July 12, 2011

Defeat

It is so easy to feel defeated when I try to loose weight.  When I think about the many times I have tried and failed to loose weight I feel defeated and depressed.  It turns into a nasty cycle of defeat.  Here is usually how it works:  I get lazy and forget to workout or eat fast food or eat too many calories--- I feel guilty so I eat more--due to more eating I gain weight---eat more because of guilt---gain more weight---give up working out and trying to loose weight all together.  And on and on until I just balloon back up to my original weight, or higher.  This has been the cycle for the past 10 years, or more since High School.

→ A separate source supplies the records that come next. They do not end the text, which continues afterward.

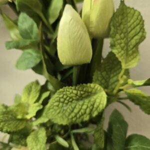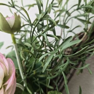 The greenery in this wreath is basil, mint, rosemary, and rose leaves. It is finished with a farmstyle cotton ribbon imported from France.
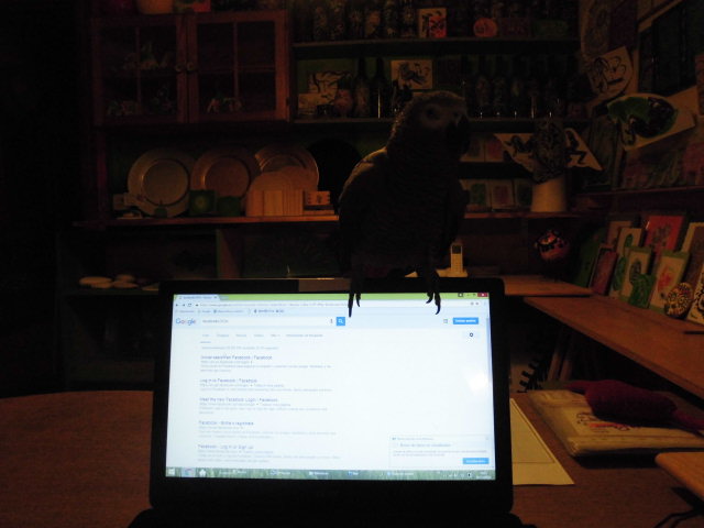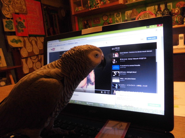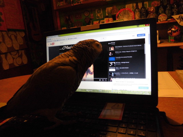 最近、うちのオウムはパソコンに興味しんしん。 何しろ「音が出て、画面が動く」ので、テレビのない我が家にとっては、唯一「家電」らしきもの。で、気がつくと、オウムがパソコンを見つめている。
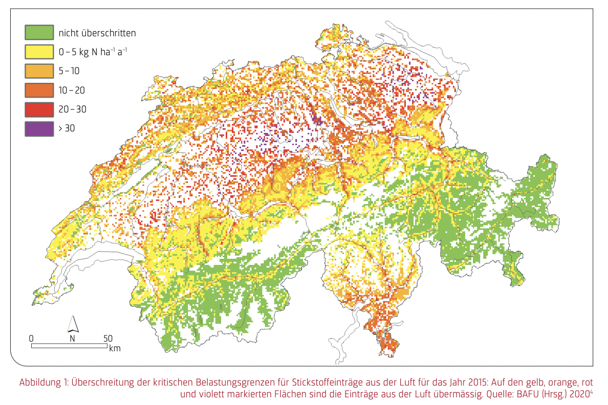 Die Wissenschaft hat planetare Grenzen identifiziert, innerhalb derer die Bedingungen für menschliches Leben stabil bleiben. Werden sie überschritten, sind die Lebensgrundlagen der Menschheit gefährdet. Die planetaren Grenzen sind hinsichtlich Biodiversitätsverlust, Stickstoff- und Phosphorkreislauf bereits deutlich überschritten. Zudem sind in weiten Teilen der Schweiz kritische Belastungsgrenzen der Stickstoffeinträge aus der Luft überschritten (critical loads, d.h. Eintragsmengen, unterhalb derer nach dem Stand des Wissens keine schädlichen Auswirkungen auf die Umwelt auftreten). Nährstoffüberschüsse haben stark negative Auswirkungen auf die Biodiversität, die Qualität von Gewässern, Trinkwasser, Böden und der Luft sowie auf die Waldfunktionen, das Klima und die menschliche Gesundheit.

Today I have to realize that there will be bumps in the road and I will mess up every once in a while.  However, messing up doesn't have to mean giving up.  I can only be defeated if I allow myself to be.   Tomorrow is always a chance to change, a chance to do better.  Heck, the next minute is a chance to change and do better.  So, even though I may have a bump in my road to weight loss I will not be defeated this time.  I've already gotten over one bump in the road, the period of time when I fell off blogging for  a few months.  That could easily have been the latest defeat and I could have stopped trying then because I felt so guilty about not keeping up with the blog.  But, I didn't allow that to happen.  I got right back on and started right back up again with the blogging.